Contemporary Specialist Courtney Kremers examines Christopher Wool's Untitled (P63) from the Contemporary Curated sale.


There were a lot of unknowns with this new idea, like, what do we do if everyone picks the same works? Surprisingly enough, no one did. We also worried that the turn-around time from when we could send a PDF of the catalogue in a semi-finished state, to when we needed responses, was a matter of days. I was thrilled to have Jason Rubell, Tamara Mellon, James Frey and Adam Fields, weigh in for September, but I was dreading trying to nudge four very busy people into sitting down to look at 380+ artworks in a giant PDF format, and then come back with comments. They couldn’t have made it easier and more enjoyable.

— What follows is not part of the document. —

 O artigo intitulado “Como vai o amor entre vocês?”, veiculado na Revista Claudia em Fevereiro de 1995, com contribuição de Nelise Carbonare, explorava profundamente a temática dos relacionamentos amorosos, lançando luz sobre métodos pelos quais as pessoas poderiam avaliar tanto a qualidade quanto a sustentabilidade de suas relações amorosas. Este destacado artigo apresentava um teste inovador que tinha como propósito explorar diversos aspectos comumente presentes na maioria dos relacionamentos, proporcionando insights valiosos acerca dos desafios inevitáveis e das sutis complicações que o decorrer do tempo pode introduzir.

James Frey was heading on a camping trip with his son and would be off the grid, so he got back to us almost immediately. Speaking with him over the phone I was surprised to hear about some of the works in his collection (awesome), and the stories that accompanied them.

View all of James' picks


Roy Lichtenstein's Wallpaper with Blue Floor Interior, 1992. Estimate $25,000 - 35,000.

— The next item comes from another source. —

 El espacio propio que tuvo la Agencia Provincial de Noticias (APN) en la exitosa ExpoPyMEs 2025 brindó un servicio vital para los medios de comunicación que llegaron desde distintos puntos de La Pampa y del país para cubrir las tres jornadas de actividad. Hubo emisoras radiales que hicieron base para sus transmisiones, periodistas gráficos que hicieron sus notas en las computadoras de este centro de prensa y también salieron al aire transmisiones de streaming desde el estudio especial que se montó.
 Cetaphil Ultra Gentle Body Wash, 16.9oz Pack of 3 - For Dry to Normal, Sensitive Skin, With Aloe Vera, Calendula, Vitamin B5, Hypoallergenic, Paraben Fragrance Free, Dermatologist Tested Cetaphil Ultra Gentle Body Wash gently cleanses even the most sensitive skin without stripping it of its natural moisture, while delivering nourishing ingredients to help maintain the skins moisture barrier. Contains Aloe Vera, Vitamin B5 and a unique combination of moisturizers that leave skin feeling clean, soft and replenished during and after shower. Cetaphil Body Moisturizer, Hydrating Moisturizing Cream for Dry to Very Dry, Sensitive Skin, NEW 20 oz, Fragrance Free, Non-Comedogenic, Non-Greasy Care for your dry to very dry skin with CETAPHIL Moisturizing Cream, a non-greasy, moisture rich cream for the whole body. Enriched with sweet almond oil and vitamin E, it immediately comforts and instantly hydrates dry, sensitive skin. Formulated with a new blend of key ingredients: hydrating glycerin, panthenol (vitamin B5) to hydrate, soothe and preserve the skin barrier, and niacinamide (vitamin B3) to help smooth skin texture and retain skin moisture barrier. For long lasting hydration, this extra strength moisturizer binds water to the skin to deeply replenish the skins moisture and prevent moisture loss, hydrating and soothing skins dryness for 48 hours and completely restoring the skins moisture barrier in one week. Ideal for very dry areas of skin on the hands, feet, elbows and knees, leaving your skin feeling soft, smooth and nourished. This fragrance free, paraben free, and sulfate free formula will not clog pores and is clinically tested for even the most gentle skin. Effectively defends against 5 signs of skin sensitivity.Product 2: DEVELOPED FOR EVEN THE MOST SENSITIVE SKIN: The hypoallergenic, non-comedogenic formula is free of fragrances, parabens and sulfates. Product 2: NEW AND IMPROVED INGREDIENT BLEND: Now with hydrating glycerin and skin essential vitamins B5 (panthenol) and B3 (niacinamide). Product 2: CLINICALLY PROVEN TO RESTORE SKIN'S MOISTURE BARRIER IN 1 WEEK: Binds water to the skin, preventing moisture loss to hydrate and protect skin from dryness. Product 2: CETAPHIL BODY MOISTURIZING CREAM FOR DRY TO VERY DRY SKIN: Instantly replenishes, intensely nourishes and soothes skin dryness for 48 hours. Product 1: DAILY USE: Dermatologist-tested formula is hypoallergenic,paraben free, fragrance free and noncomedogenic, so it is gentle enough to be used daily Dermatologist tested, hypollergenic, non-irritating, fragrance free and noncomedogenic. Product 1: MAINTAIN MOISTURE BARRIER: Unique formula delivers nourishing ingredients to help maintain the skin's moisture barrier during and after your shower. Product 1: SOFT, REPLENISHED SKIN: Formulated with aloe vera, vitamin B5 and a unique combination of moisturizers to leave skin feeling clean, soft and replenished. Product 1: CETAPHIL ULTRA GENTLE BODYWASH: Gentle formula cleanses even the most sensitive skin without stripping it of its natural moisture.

Tamara Mellon was traveling in Europe when she made her picks. We had to keep splitting the PDF into smaller files so that she could download it abroad. On the verge of launching her own fashion empire this fall (Jimmy Choo was just cutting-teeth?), she took the time to select a beautiful group of minimal, graphic, smart works that, I think, perfectly encapsulates her own elegance and style.

View all of Tamara's picks


Alfred Jensen's Twin Children of the Sun # 5, 1974. Estimate $40,000 - 60,000.

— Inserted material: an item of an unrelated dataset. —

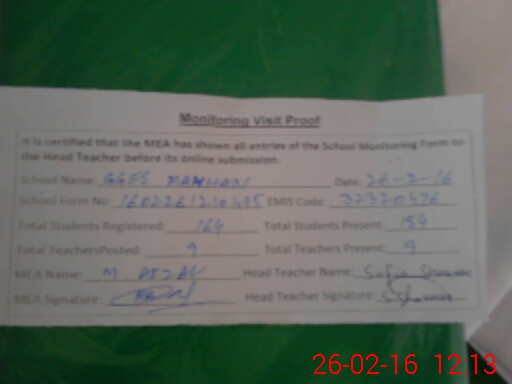 | Certified that this School was Inspected by the Undersigned MEA/DMO Today and the Information Stated Above is as Per Record. | |||||
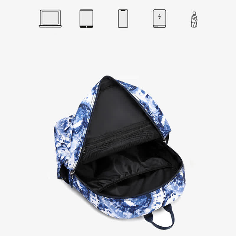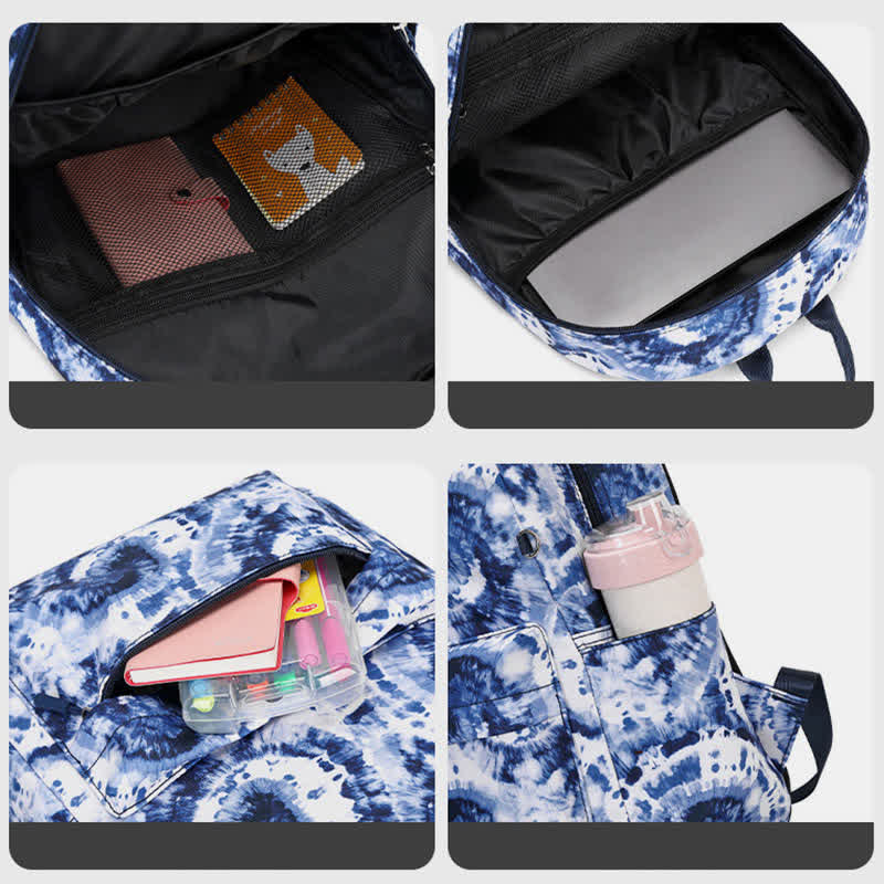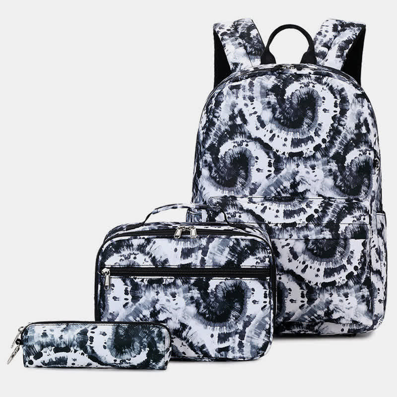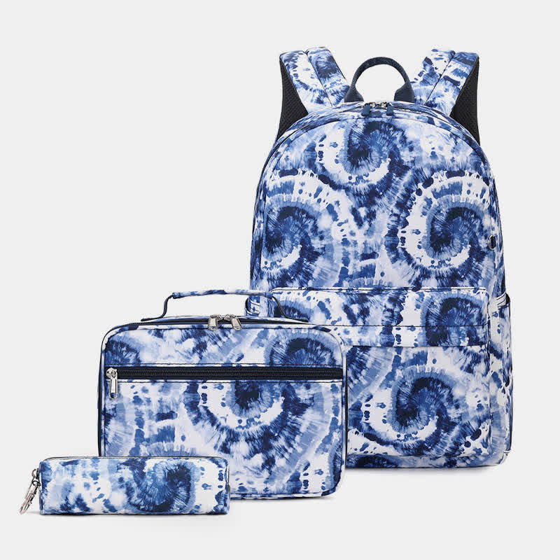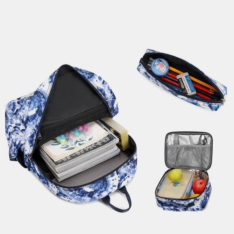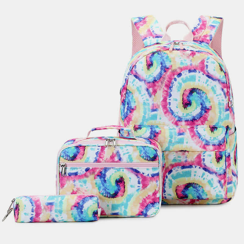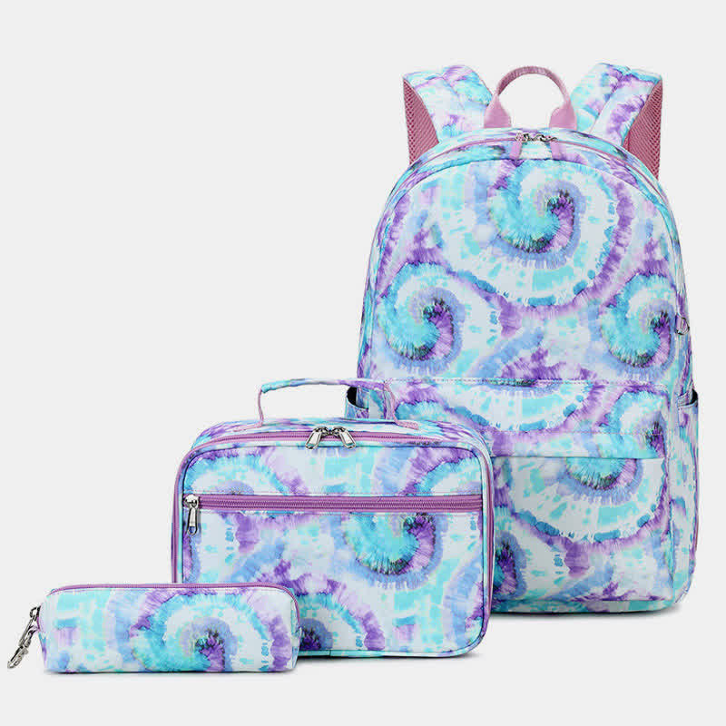 School Backpack Set 3 Pieces Tie-dye Girls Bookbags Lunch Bag Pencil Case

Jason Rubell was in Aspen for Art Crush when we first spoke about this new concept. Having visited the Rubell Family Collection for the last six years during Miami Basel, I was intimidated to approach someone who has literally helped define the scope of Contemporary art, and who has been collecting since infancy (13 years old actually, but close). I think he ultimately agreed because I played the Duke card (we are both Blue Devils and love the Nasher), and because a few works jumped out at him by artists that were also part of the RFC’s exhibition '30 Americans', on view this summer at the Milwaukee Art Museum.

View all of Jason's picks


Bob Thompson's The Milky Way, 1964. Estimate $20,000 - 30,000.


Adam Fields of Artspace is our young-edgy-online-art-guy, who like Rubell, has much older ‘art eyes’ because his parents are also major collectors. When I first read his comment on the Christopher Wool in our sale, in which he said a work by the artist hangs in his family’s home… I thought, is it still there? Can we have it? I haven’t asked Adam yet but this makes it official.

View all of Adam's picks


Mark Bradford's Curtis, 2007. Estimate $500,000 - 700,000.

We are excited to have these four unique voices commenting on works in our auction, and are looking forward to hearing from our future curators. At the core, our mid-season sales are still the same. We have simply added voices other than our own in an effort to open the dialogue.